Records for this exercise:
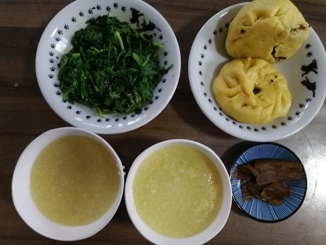 黑芝麻拌茼蒿叶,醋泡姜片,玉米面素包,小米粥
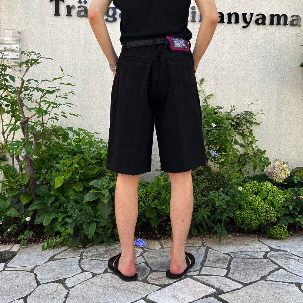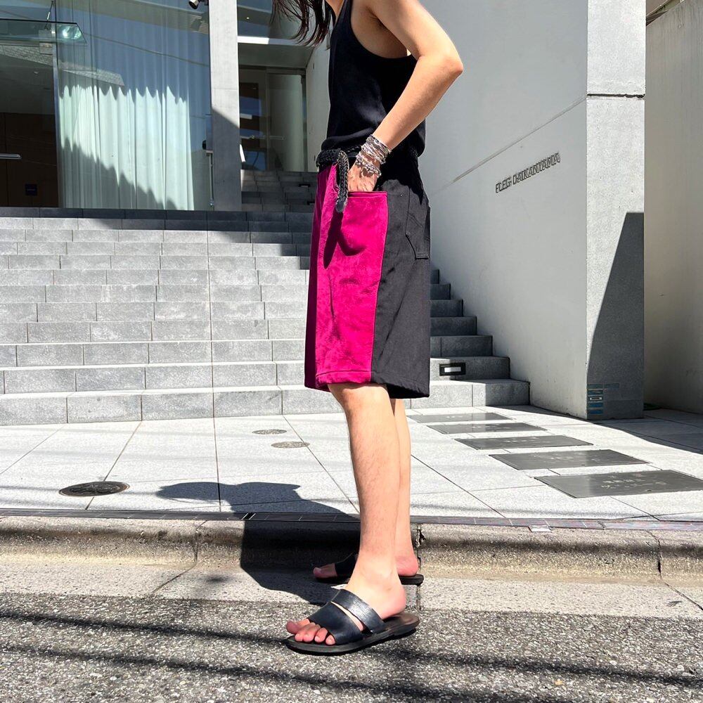 A unique vintage shorts from the 90s. The switch between pink suede and black denim is too innovative. This item is full of fun unique to old clothes. Slightly wide knee-length straight silhouette.
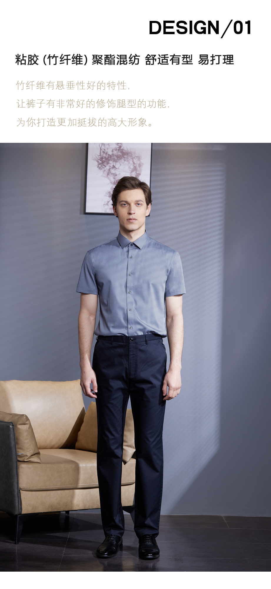 舒适利落的直筒裤口设计,包边处理平整,做工无可挑剔。
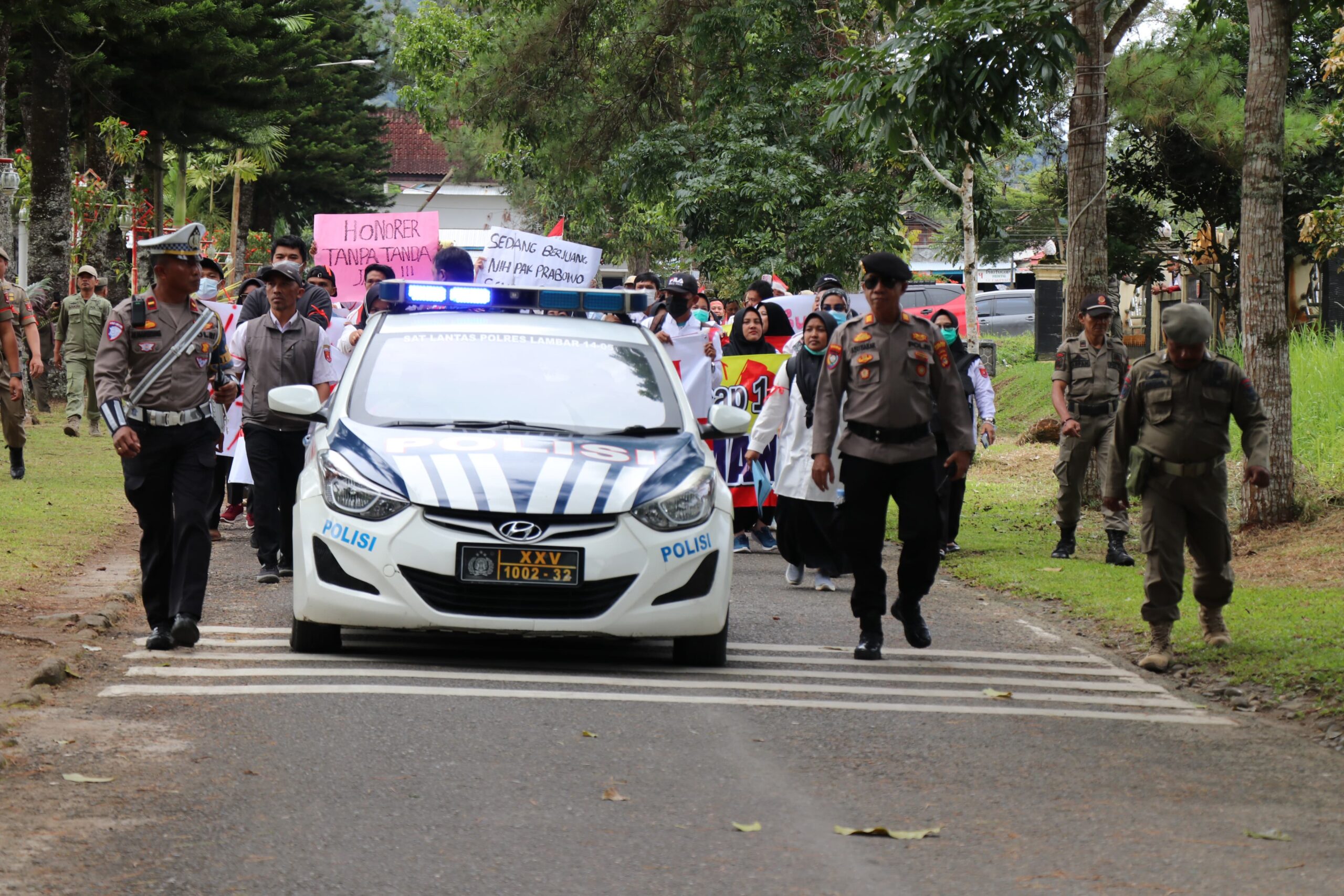 LAMPUNG BARAT // Nusantararaya.com /Polres Lampung Barat mengerahkan sekitar 90 personel untuk mengawal aksi damai yang dilakukan oleh Forum Honorer R2 dan R3 Kabupaten Lampung Barat. Aksi ini diikuti oleh sekitar 500 masa yang menuntut perhatian terkait nasib tenaga honorer di wilayah tersebut.rabu .(22/01/25).
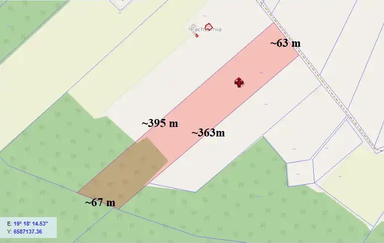 - Działka częściowo zagospodarowana, płaska, prostokąt
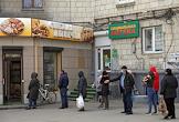 Волгоград во время режима самоизоляции из-за опасности распространения коронавирусной инфекции COVID-19. Жанровая фотография. Покупатели на безопасной дистанции у павильона "Свежая выпечка".
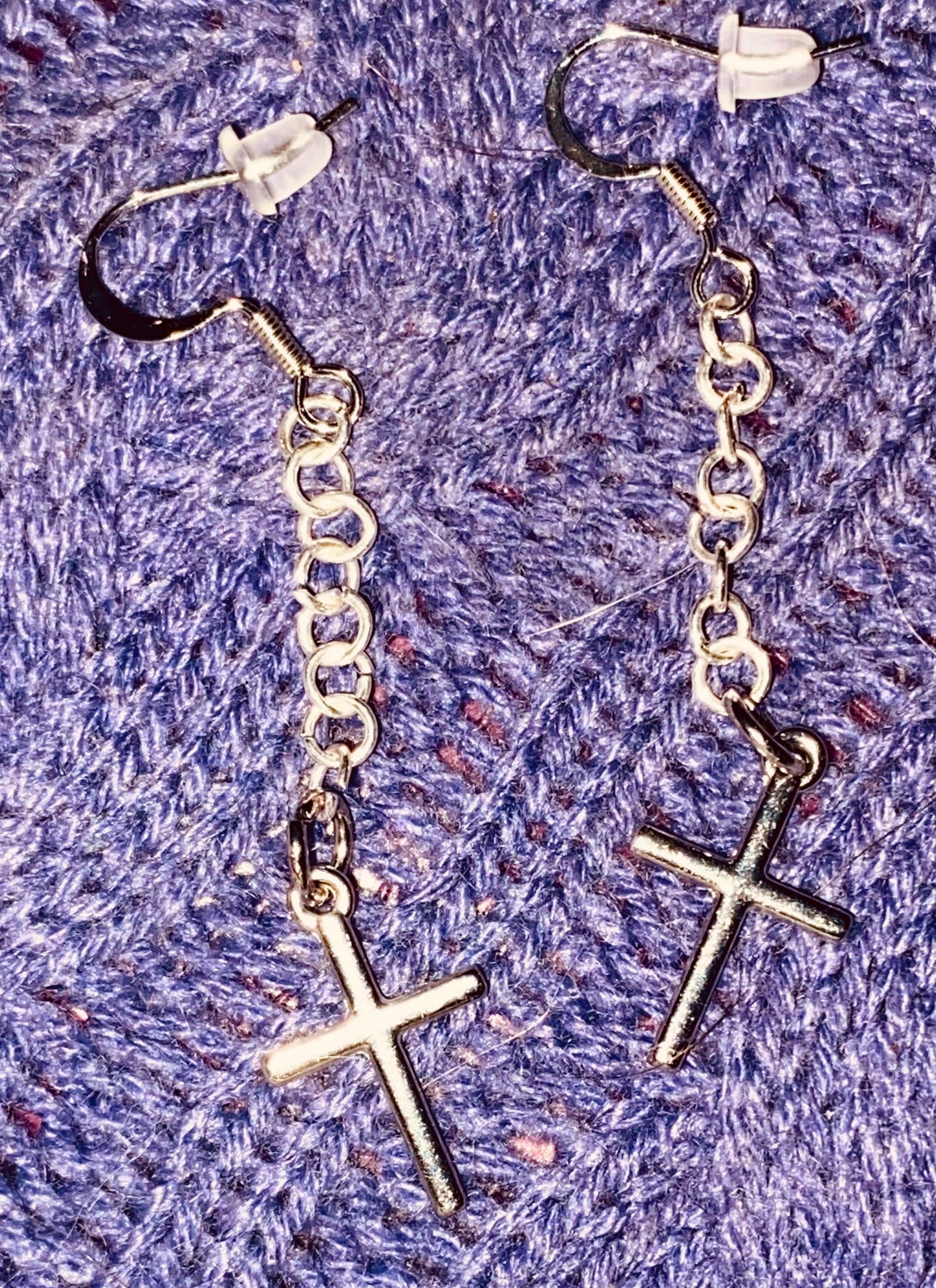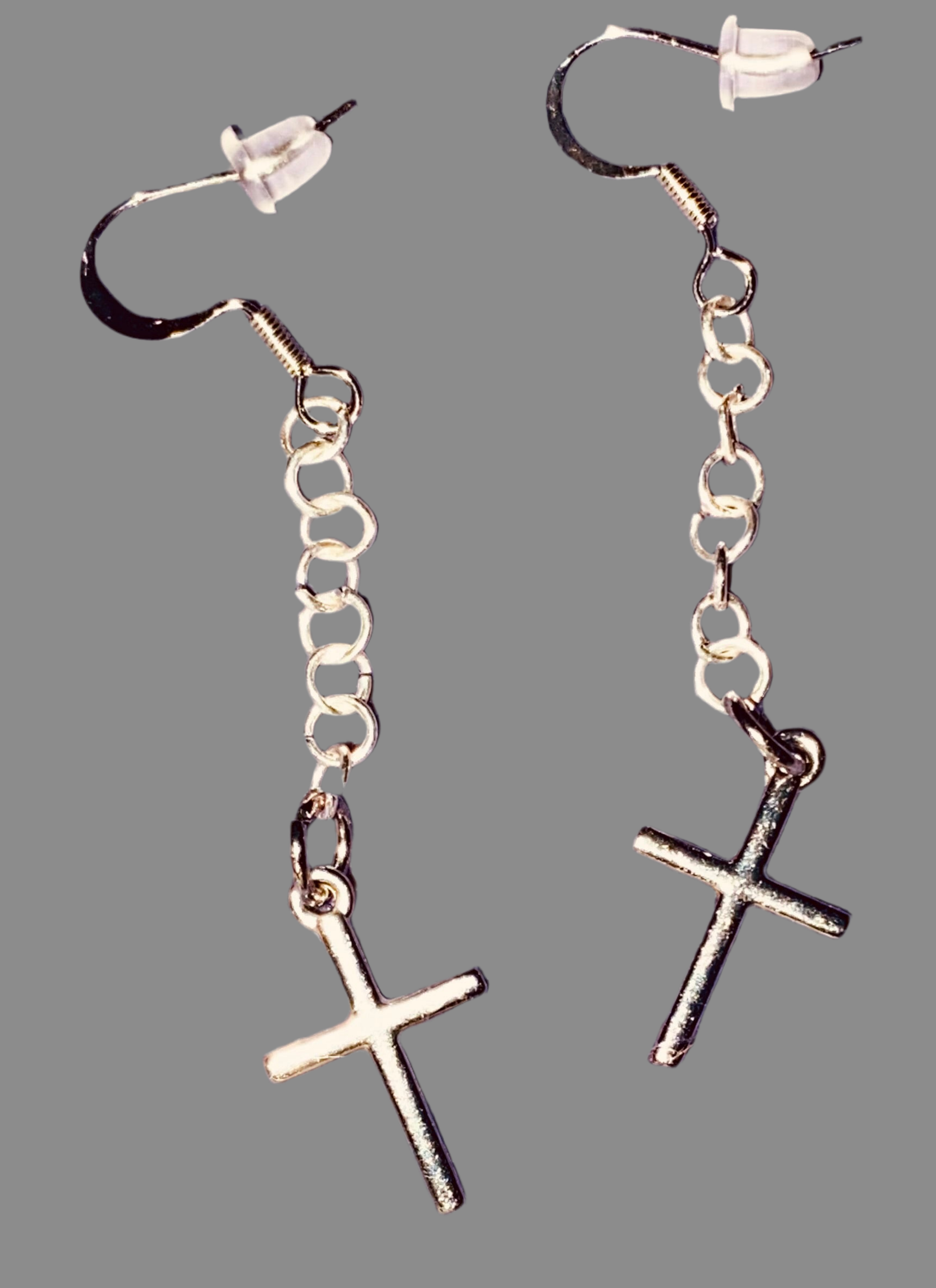 Simple Silver-toned Cross earrings hanging from linked chain.
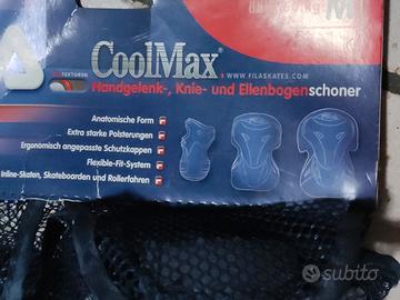 protezioni Fila (mani, gomiti e ginocchia) per persona di 50 kg di colore grigio e nero.
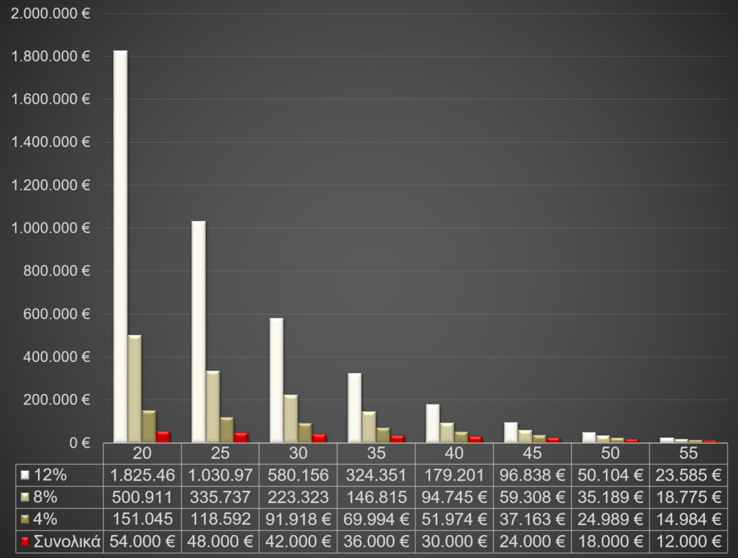 Το γράφημα συγκρίνει το συνολικό καταβληθέν ποσό με την αξία λογαριασμού με την υποτιθέμενη απόδοση (4%, 8% και 12%) της επενδυτικής επιλογής.

Task description:
Omit the pictures, then output every record exactly as given.

Solution to this problem:
 黑芝麻拌茼蒿叶,醋泡姜片,玉米面素包,小米粥
 A unique vintage shorts from the 90s. The switch between pink suede and black denim is too innovative. This item is full of fun unique to old clothes. Slightly wide knee-length straight silhouette.
 舒适利落的直筒裤口设计,包边处理平整,做工无可挑剔。
 LAMPUNG BARAT // Nusantararaya.com /Polres Lampung Barat mengerahkan sekitar 90 personel untuk mengawal aksi damai yang dilakukan oleh Forum Honorer R2 dan R3 Kabupaten Lampung Barat. Aksi ini diikuti oleh sekitar 500 masa yang menuntut perhatian terkait nasib tenaga honorer di wilayah tersebut.rabu .(22/01/25).
 - Działka częściowo zagospodarowana, płaska, prostokąt
 Волгоград во время режима самоизоляции из-за опасности распространения коронавирусной инфекции COVID-19. Жанровая фотография. Покупатели на безопасной дистанции у павильона "Свежая выпечка".
 Simple Silver-toned Cross earrings hanging from linked chain.
 protezioni Fila (mani, gomiti e ginocchia) per persona di 50 kg di colore grigio e nero.
 Το γράφημα συγκρίνει το συνολικό καταβληθέν ποσό με την αξία λογαριασμού με την υποτιθέμενη απόδοση (4%, 8% και 12%) της επενδυτικής επιλογής.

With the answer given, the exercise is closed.